RECORDS FOR THIS TASK:

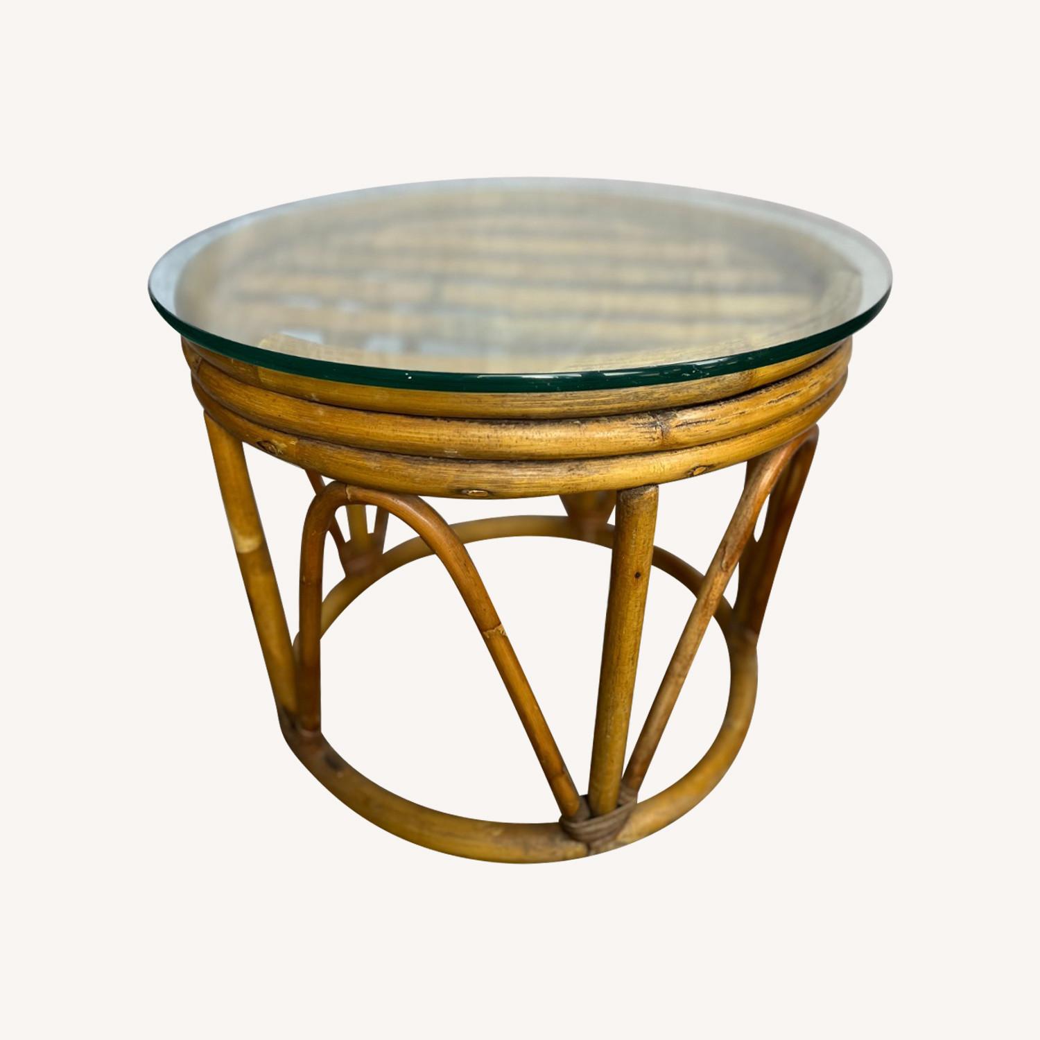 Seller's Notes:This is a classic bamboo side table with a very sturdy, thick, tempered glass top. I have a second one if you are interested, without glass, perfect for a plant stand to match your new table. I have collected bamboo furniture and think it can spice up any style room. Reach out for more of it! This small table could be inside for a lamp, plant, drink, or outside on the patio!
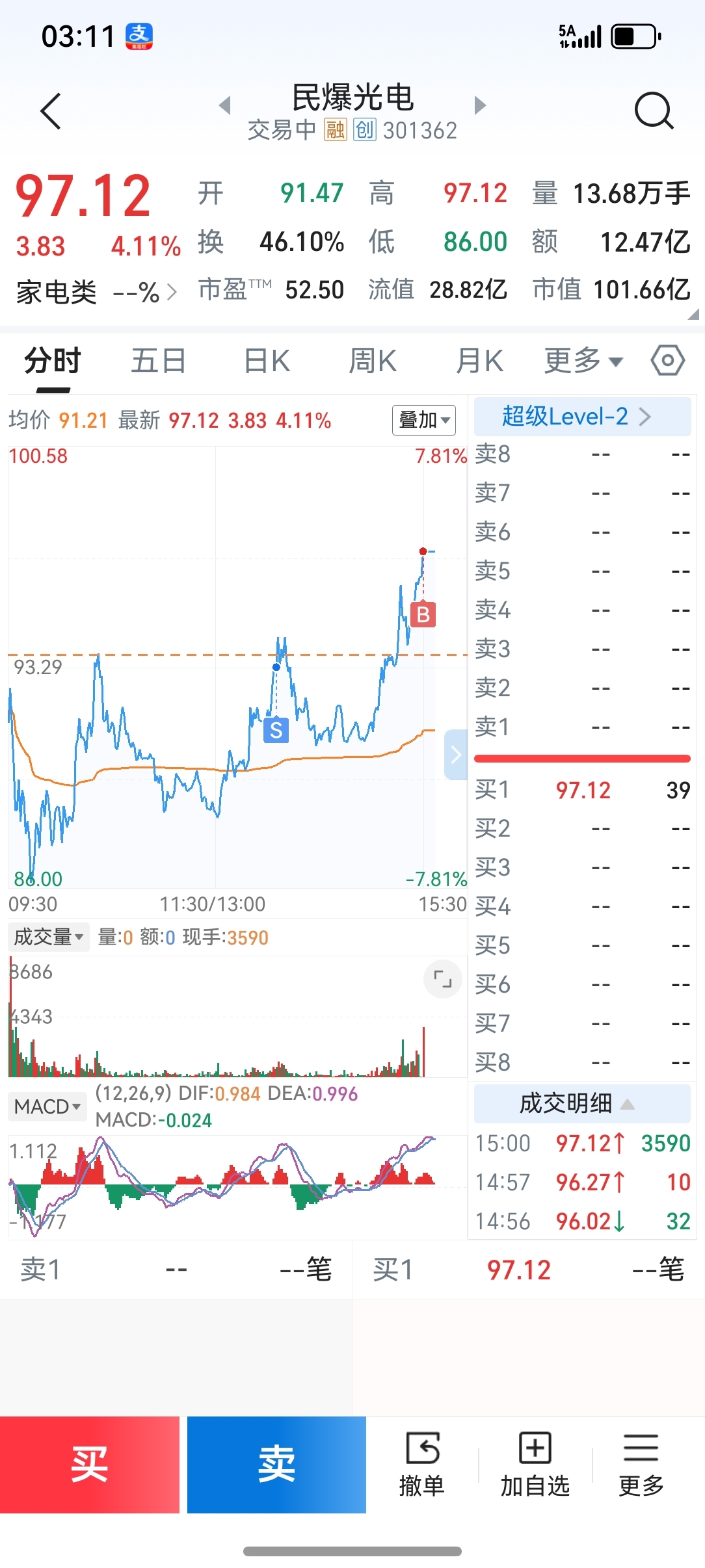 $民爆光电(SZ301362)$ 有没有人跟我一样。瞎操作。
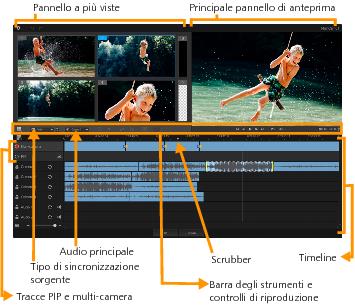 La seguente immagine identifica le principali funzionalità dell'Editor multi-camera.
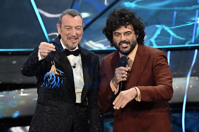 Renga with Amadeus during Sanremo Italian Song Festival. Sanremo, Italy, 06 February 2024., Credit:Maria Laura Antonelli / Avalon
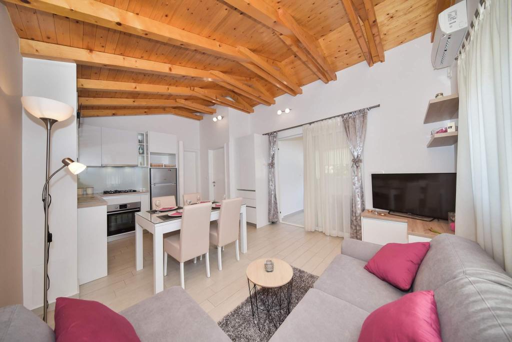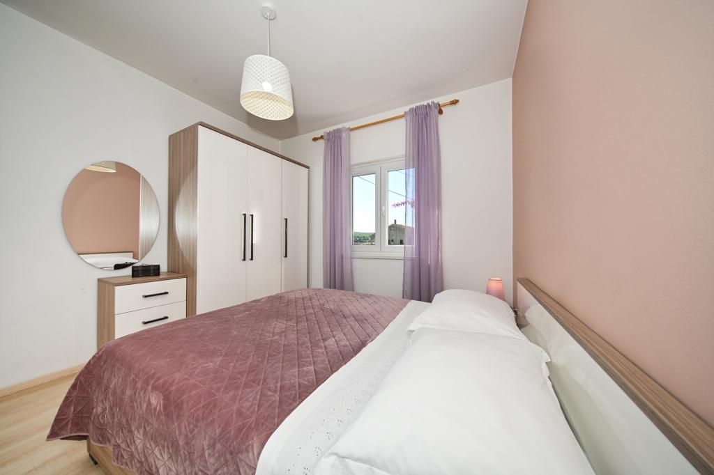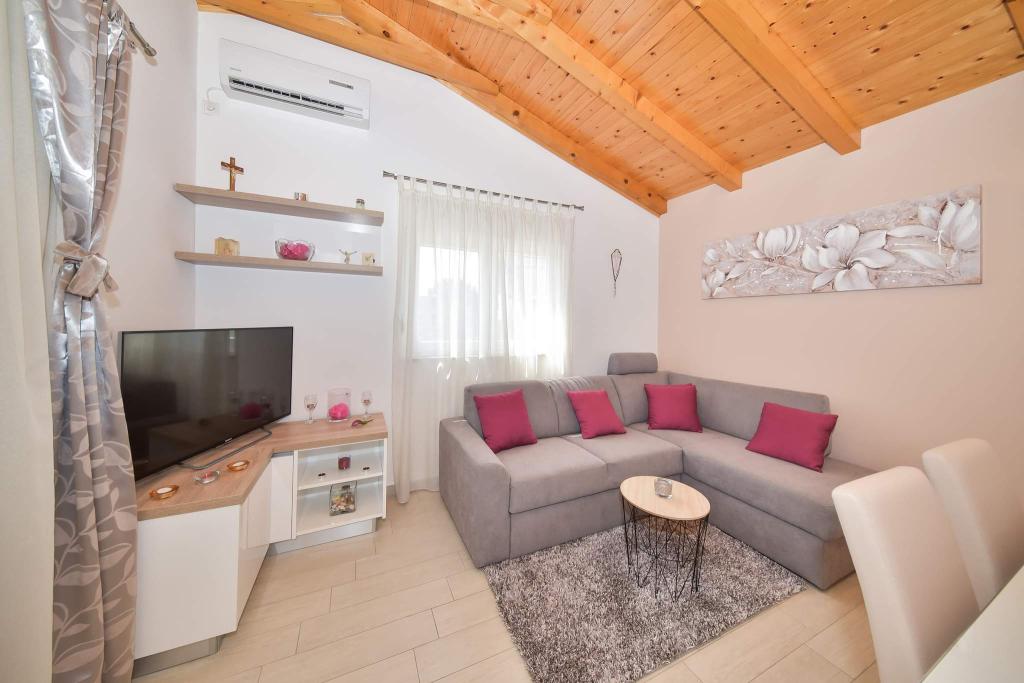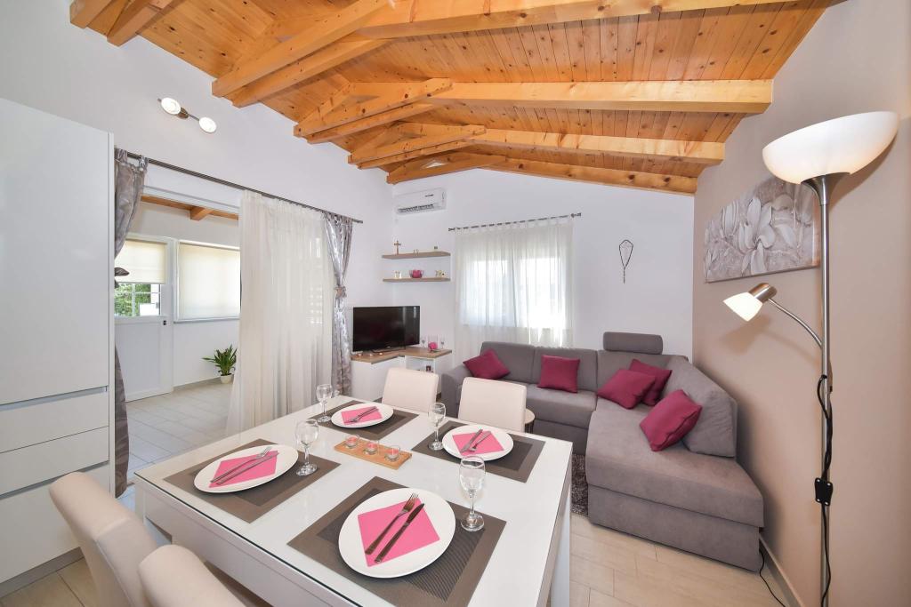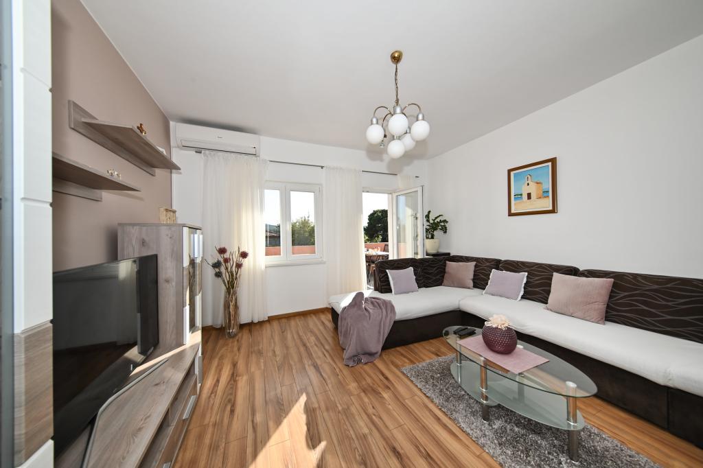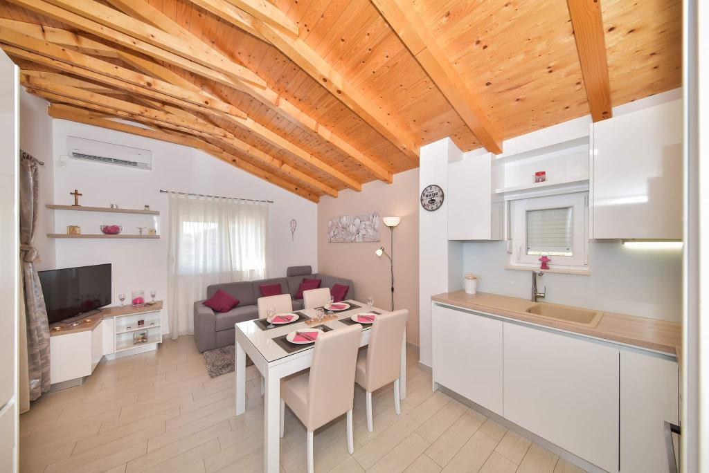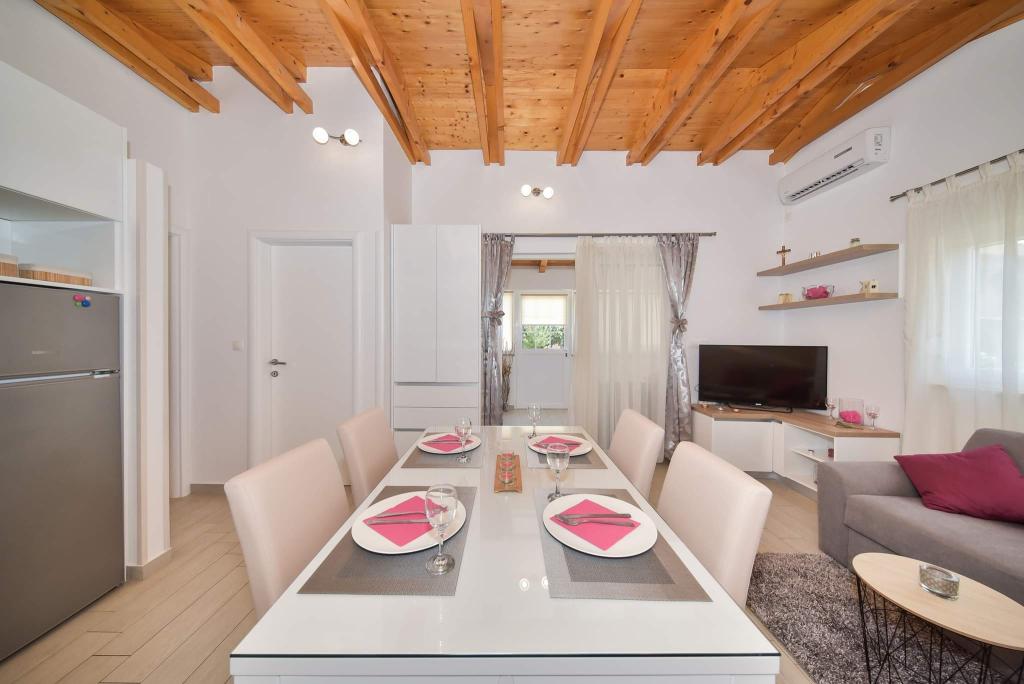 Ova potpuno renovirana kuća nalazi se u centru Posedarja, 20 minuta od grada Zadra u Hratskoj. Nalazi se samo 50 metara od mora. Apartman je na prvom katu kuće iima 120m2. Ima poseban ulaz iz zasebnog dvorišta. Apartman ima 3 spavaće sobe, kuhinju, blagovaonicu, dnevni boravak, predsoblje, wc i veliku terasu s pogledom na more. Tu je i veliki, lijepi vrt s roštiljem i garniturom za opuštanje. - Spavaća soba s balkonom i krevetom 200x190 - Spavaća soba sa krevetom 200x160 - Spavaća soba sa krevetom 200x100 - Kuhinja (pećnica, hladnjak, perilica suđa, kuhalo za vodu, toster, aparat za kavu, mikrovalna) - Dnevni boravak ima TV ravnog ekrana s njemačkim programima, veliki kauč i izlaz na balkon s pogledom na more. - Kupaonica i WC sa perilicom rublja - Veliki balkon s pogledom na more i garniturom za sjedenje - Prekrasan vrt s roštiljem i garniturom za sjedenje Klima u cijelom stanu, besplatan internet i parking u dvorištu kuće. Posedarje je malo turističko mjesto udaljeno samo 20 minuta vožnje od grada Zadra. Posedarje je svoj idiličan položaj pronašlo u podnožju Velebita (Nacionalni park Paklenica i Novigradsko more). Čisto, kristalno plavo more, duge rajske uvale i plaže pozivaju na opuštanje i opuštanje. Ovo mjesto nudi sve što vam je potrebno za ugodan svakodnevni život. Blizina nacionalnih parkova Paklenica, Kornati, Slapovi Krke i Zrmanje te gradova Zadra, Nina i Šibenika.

WORK ORDER:
The entries above must be restated exactly in the answer, and the pictures left out.

REPLY TO THE TASK:
 Seller's Notes:This is a classic bamboo side table with a very sturdy, thick, tempered glass top. I have a second one if you are interested, without glass, perfect for a plant stand to match your new table. I have collected bamboo furniture and think it can spice up any style room. Reach out for more of it! This small table could be inside for a lamp, plant, drink, or outside on the patio!
 $民爆光电(SZ301362)$ 有没有人跟我一样。瞎操作。
 La seguente immagine identifica le principali funzionalità dell'Editor multi-camera.
 Renga with Amadeus during Sanremo Italian Song Festival. Sanremo, Italy, 06 February 2024., Credit:Maria Laura Antonelli / Avalon
 Ova potpuno renovirana kuća nalazi se u centru Posedarja, 20 minuta od grada Zadra u Hratskoj. Nalazi se samo 50 metara od mora. Apartman je na prvom katu kuće iima 120m2. Ima poseban ulaz iz zasebnog dvorišta. Apartman ima 3 spavaće sobe, kuhinju, blagovaonicu, dnevni boravak, predsoblje, wc i veliku terasu s pogledom na more. Tu je i veliki, lijepi vrt s roštiljem i garniturom za opuštanje. - Spavaća soba s balkonom i krevetom 200x190 - Spavaća soba sa krevetom 200x160 - Spavaća soba sa krevetom 200x100 - Kuhinja (pećnica, hladnjak, perilica suđa, kuhalo za vodu, toster, aparat za kavu, mikrovalna) - Dnevni boravak ima TV ravnog ekrana s njemačkim programima, veliki kauč i izlaz na balkon s pogledom na more. - Kupaonica i WC sa perilicom rublja - Veliki balkon s pogledom na more i garniturom za sjedenje - Prekrasan vrt s roštiljem i garniturom za sjedenje Klima u cijelom stanu, besplatan internet i parking u dvorištu kuće. Posedarje je malo turističko mjesto udaljeno samo 20 minuta vožnje od grada Zadra. Posedarje je svoj idiličan položaj pronašlo u podnožju Velebita (Nacionalni park Paklenica i Novigradsko more). Čisto, kristalno plavo more, duge rajske uvale i plaže pozivaju na opuštanje i opuštanje. Ovo mjesto nudi sve što vam je potrebno za ugodan svakodnevni život. Blizina nacionalnih parkova Paklenica, Kornati, Slapovi Krke i Zrmanje te gradova Zadra, Nina i Šibenika.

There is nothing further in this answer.